Rory Cellan-Jones

The spinning of Spinvox

  • Rory Cellan-Jones
  • 23 Jul 09, 08:52 GMT

It's a great British technology success story, using brilliant voice-recognition software to decode your voicemail messages and turn them into text. It's growing rapidly, and will have over 100 million users by the end of this year, to the delight of its backers, who include the investment bank Goldman Sachs.

It's created hundreds of high-quality jobs in the UK and elsewhere and employed some world-leading computer scientists at Cambridge University. That, at least, was how I saw Spinvox until recently.

But in the last few days, I've been given a somewhat different picture - by one current employee, and several others who've worked for the company in recent years. Most significantly, they've told me that the central claim of the company - that it's getting machines to translate audio into text - doesn't really stand up, because most of the work is actually done in call centres dotted around the world.

I have some confidence in those claims because I've seen compelling evidence that my own voicemails have been transcribed by humans, not by machines. I have been using the service for quite some time - indeed I've found it very useful - and been moderately impressed by the way that it translates the often garbled messages left on my phone.

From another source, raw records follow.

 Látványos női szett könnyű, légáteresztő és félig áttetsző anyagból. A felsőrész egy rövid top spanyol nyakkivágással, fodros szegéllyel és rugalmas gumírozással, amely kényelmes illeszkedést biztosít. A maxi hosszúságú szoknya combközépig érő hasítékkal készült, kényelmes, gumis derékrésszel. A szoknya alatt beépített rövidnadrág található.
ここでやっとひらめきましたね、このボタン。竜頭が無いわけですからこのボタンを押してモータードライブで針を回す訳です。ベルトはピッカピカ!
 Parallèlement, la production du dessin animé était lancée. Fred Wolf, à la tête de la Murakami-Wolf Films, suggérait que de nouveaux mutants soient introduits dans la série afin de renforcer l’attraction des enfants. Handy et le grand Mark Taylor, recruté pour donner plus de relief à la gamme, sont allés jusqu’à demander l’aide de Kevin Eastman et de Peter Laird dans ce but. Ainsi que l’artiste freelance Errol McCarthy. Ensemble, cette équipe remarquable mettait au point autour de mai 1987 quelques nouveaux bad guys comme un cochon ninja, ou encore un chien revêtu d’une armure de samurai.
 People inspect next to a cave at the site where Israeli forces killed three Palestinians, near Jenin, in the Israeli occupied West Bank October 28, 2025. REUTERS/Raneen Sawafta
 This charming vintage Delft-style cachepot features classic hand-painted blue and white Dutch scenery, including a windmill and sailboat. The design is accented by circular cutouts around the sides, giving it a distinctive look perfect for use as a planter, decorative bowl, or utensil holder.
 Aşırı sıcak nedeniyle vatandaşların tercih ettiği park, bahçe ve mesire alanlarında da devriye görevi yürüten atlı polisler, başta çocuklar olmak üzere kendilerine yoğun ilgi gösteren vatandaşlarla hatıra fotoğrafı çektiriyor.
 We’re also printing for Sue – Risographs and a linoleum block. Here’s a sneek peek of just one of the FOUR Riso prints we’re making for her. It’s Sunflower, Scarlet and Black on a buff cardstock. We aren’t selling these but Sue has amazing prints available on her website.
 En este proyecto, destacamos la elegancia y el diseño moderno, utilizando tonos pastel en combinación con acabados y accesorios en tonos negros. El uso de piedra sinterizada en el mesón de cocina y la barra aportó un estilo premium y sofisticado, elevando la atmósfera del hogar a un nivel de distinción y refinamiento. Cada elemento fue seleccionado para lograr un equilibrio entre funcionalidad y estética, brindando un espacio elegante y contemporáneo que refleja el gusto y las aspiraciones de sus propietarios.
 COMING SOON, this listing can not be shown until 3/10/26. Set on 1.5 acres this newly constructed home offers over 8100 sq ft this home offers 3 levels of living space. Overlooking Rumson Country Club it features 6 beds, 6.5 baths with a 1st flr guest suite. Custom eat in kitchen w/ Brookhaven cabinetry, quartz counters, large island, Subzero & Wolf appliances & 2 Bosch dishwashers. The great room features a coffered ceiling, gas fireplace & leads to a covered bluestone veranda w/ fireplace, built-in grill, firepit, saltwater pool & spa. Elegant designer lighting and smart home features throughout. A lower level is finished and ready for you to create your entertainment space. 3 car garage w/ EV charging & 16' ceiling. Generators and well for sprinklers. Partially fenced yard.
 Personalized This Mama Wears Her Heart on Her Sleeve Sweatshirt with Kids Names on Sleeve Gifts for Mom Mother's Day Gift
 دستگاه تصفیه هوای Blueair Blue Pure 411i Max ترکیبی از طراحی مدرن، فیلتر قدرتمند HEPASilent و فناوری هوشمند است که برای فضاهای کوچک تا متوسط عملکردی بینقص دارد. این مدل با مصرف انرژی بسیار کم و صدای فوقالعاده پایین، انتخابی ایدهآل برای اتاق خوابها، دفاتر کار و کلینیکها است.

But I have now seen the transcript of a number of my voicemails, including one from a major technology company promising a story, and another from the BBC's Occupational Health Department. What the logs of those messages appear to show is that the messages were sent to call-centres, where workers then spent a minute or so transcribing them.

Spinvox text messageStill wishing to be convinced that it was people not machines listening to my messages, I tried another tactic. It was suggested to me that if I recorded a message and then sent it five times in a row to my mobile, then a computer would provide the same result every time.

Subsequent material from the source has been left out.